======== Source material ========
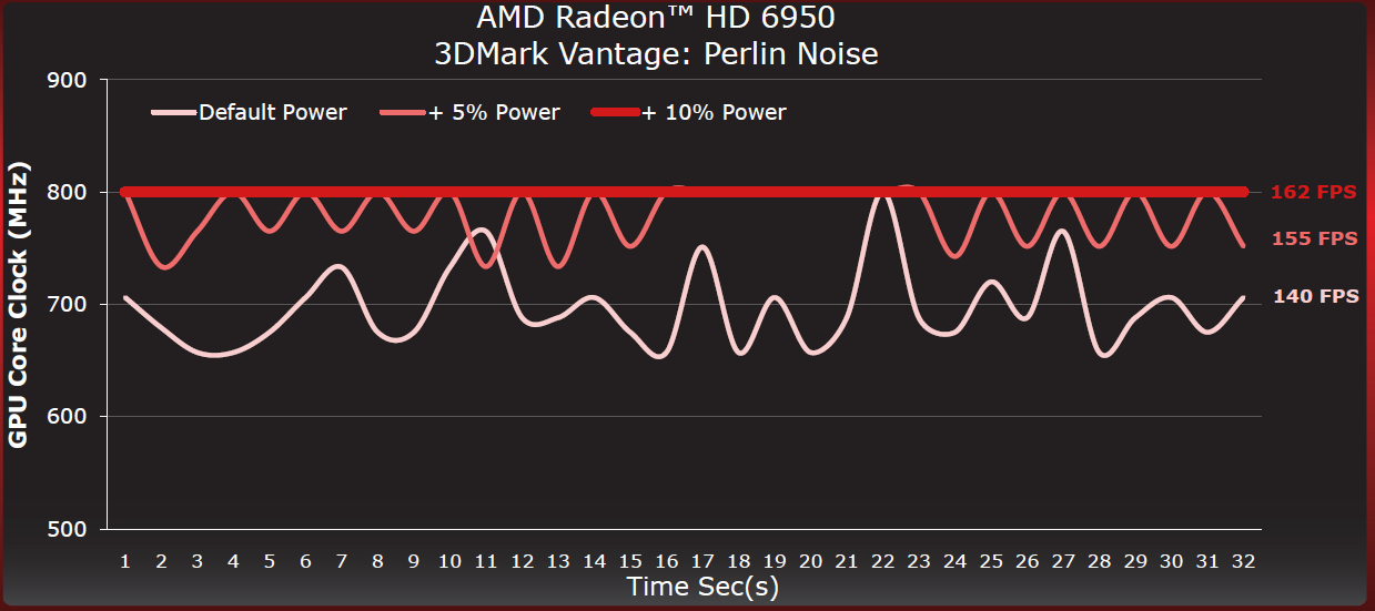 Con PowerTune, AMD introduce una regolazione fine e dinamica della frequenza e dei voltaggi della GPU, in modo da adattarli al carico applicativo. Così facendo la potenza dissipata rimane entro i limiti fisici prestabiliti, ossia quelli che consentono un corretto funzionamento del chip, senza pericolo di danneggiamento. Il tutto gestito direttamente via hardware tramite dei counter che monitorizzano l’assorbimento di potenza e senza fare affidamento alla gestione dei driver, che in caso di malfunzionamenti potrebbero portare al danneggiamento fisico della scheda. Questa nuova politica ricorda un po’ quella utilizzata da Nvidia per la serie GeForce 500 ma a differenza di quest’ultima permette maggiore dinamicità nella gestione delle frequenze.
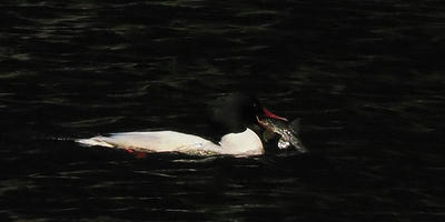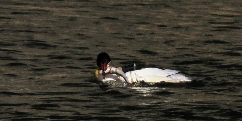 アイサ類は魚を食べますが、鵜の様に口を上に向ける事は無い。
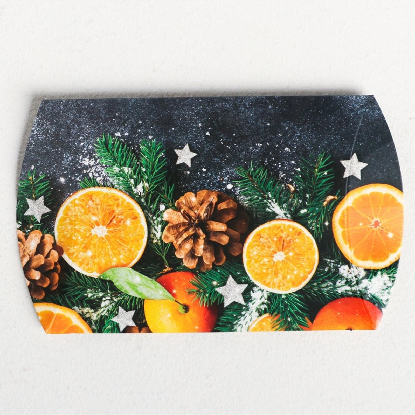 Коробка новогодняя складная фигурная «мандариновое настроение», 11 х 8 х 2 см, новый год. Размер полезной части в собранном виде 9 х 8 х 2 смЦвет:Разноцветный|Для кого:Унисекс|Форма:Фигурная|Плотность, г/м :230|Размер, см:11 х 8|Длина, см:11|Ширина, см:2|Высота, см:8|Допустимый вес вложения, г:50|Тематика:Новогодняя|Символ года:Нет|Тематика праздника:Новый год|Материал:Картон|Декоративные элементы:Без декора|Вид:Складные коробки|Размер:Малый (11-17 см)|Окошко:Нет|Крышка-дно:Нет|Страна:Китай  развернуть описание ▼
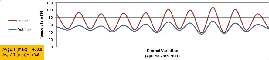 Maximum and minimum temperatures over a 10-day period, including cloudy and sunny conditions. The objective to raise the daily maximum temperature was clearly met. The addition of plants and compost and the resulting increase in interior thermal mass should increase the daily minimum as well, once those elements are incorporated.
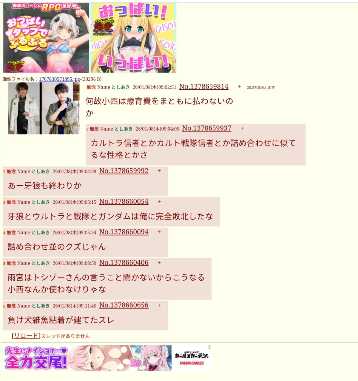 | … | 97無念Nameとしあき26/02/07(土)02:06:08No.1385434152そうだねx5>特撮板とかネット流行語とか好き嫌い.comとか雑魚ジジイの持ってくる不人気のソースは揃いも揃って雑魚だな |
========
• Work task: Write out again the lines from the one with "Maximum and minimum" through the end of the records exactly, without any of the pictures.

• Response below:
 Maximum and minimum temperatures over a 10-day period, including cloudy and sunny conditions. The objective to raise the daily maximum temperature was clearly met. The addition of plants and compost and the resulting increase in interior thermal mass should increase the daily minimum as well, once those elements are incorporated.
 | … | 97無念Nameとしあき26/02/07(土)02:06:08No.1385434152そうだねx5>特撮板とかネット流行語とか好き嫌い.comとか雑魚ジジイの持ってくる不人気のソースは揃いも揃って雑魚だな |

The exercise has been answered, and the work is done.